**Information provided**

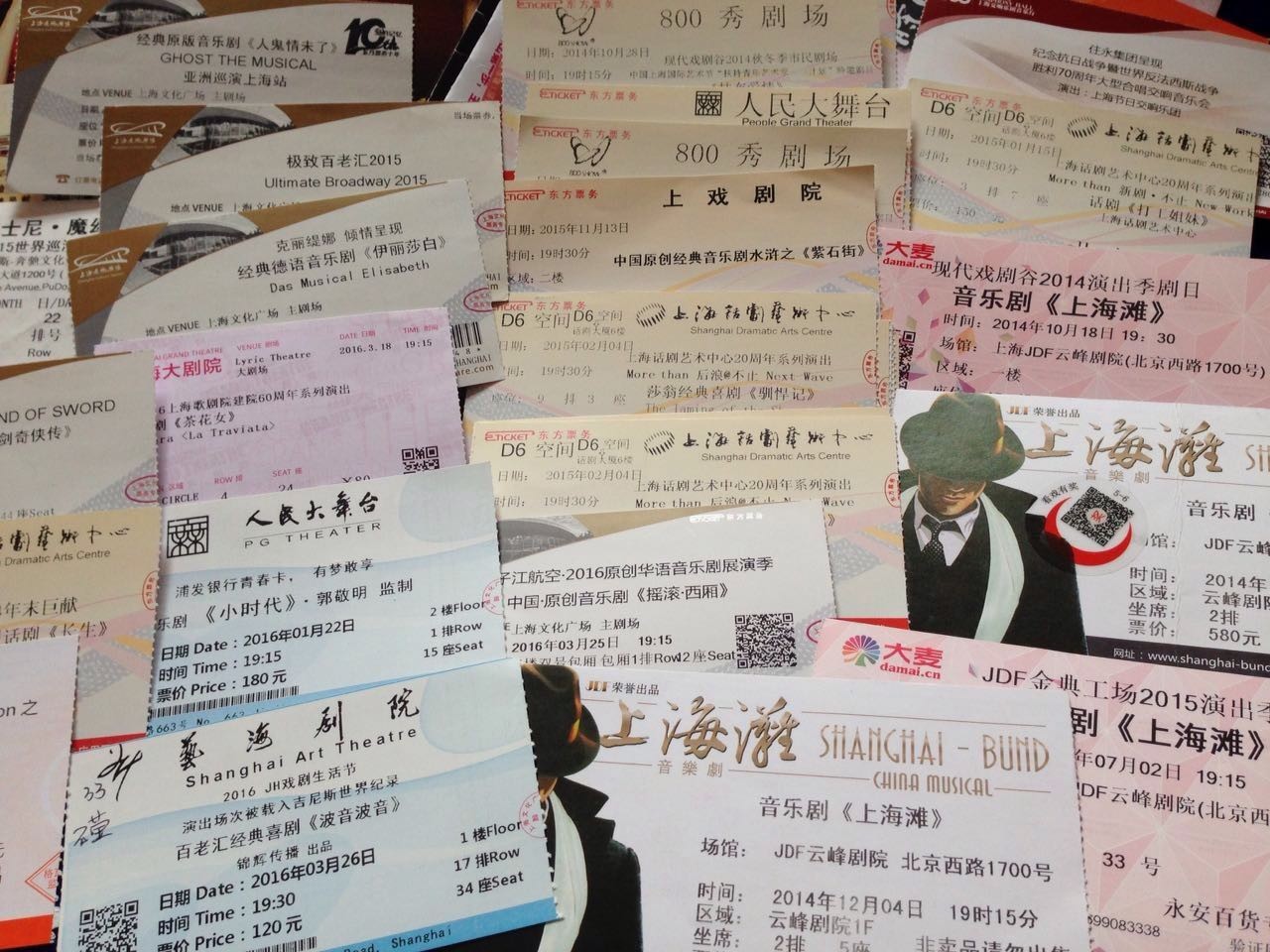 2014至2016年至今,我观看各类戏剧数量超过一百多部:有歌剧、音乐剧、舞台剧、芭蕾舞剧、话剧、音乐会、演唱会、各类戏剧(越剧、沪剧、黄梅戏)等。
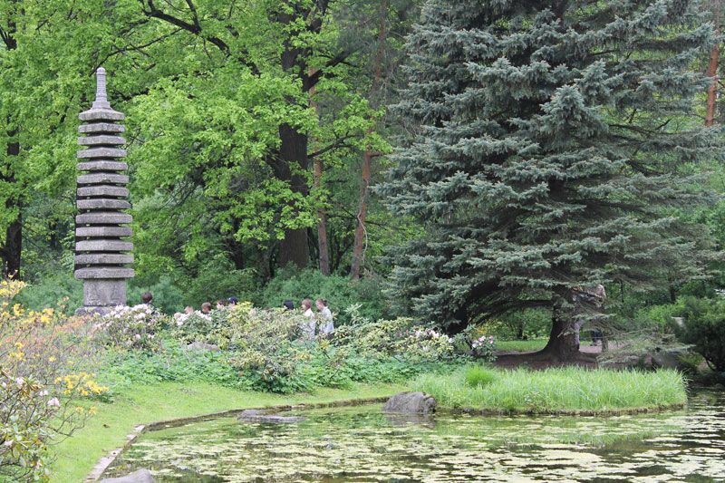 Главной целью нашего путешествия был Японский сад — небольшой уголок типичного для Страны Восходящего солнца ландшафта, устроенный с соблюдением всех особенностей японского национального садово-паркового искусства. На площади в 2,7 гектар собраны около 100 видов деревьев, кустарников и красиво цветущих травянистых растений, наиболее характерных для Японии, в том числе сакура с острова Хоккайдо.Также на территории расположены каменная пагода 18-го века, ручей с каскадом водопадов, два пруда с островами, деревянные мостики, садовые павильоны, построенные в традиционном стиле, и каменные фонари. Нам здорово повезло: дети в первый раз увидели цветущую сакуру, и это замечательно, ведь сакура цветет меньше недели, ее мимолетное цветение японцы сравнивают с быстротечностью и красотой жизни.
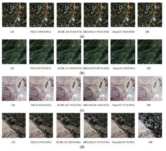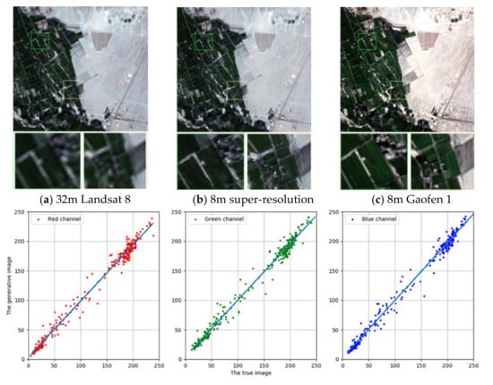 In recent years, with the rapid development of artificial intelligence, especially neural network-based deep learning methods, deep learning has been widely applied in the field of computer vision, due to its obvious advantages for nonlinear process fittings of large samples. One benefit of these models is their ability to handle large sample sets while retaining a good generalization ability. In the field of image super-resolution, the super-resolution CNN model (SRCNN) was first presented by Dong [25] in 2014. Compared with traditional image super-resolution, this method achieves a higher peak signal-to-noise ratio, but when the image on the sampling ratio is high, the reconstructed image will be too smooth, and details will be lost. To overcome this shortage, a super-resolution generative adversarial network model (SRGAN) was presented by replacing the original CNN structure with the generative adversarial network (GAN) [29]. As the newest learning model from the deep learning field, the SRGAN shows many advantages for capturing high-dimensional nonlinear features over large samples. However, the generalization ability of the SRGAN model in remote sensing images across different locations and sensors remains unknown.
--
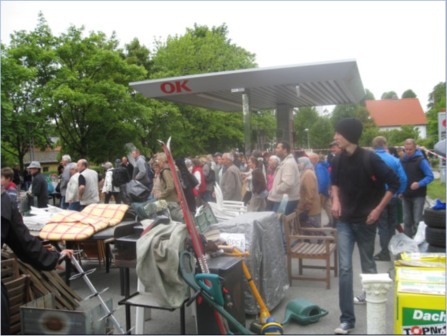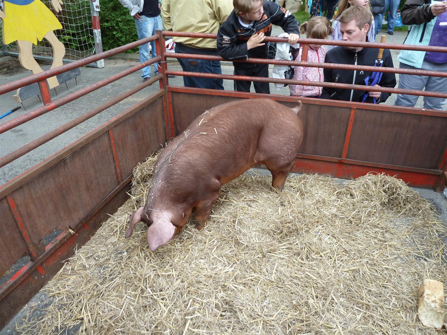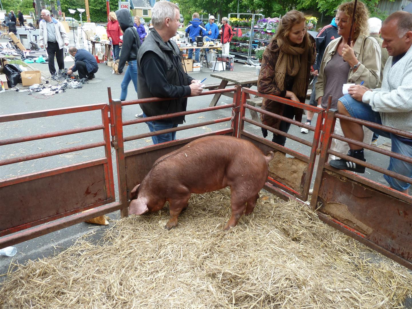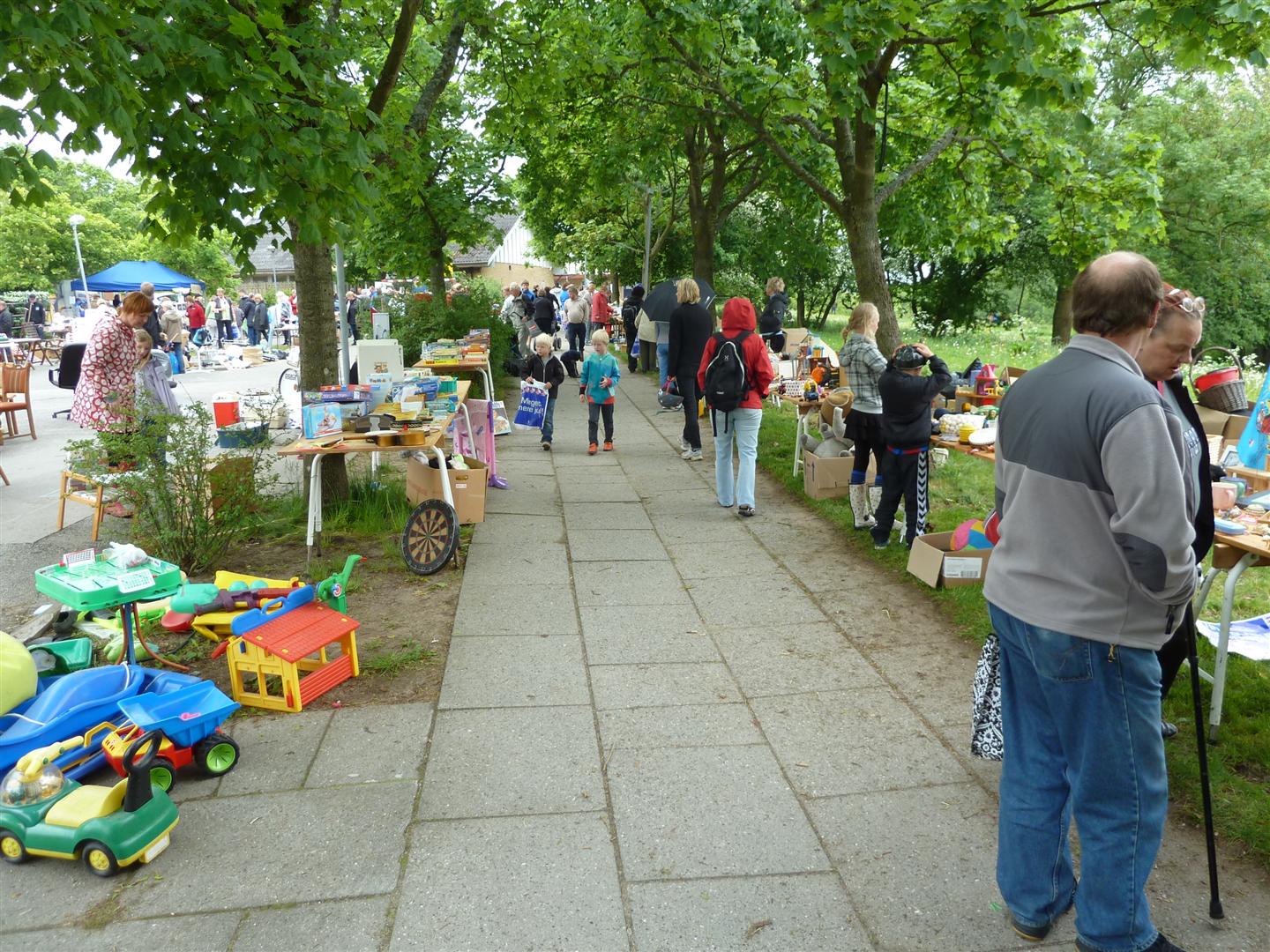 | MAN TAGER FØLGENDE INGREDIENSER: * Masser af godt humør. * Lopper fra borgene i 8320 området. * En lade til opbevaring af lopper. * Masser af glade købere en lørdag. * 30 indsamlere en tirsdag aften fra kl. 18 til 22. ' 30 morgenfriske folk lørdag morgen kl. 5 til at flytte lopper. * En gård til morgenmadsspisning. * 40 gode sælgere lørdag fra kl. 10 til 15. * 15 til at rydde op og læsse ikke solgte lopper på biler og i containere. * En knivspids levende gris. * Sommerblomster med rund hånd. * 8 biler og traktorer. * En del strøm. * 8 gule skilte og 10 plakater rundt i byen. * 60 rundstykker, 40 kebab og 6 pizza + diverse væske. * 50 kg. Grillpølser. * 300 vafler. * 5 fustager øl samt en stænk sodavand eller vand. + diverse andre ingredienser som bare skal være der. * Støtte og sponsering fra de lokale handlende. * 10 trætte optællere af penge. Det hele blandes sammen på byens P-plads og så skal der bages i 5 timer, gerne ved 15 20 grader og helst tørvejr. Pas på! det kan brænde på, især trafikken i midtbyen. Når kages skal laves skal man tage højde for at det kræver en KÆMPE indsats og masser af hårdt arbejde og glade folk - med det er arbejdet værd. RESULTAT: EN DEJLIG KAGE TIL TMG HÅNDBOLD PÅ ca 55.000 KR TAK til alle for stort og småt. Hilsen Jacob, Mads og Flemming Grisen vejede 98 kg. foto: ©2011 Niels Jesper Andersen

**Work order**
Word for word, write out the lines above running from the one with "2014至2016年至今,我" up to and including the one with "Главной целью нашего". Drop any picture.

**Exercise answer**
 2014至2016年至今,我观看各类戏剧数量超过一百多部:有歌剧、音乐剧、舞台剧、芭蕾舞剧、话剧、音乐会、演唱会、各类戏剧(越剧、沪剧、黄梅戏)等。
 Главной целью нашего путешествия был Японский сад — небольшой уголок типичного для Страны Восходящего солнца ландшафта, устроенный с соблюдением всех особенностей японского национального садово-паркового искусства. На площади в 2,7 гектар собраны около 100 видов деревьев, кустарников и красиво цветущих травянистых растений, наиболее характерных для Японии, в том числе сакура с острова Хоккайдо.Также на территории расположены каменная пагода 18-го века, ручей с каскадом водопадов, два пруда с островами, деревянные мостики, садовые павильоны, построенные в традиционном стиле, и каменные фонари. Нам здорово повезло: дети в первый раз увидели цветущую сакуру, и это замечательно, ведь сакура цветет меньше недели, ее мимолетное цветение японцы сравнивают с быстротечностью и красотой жизни.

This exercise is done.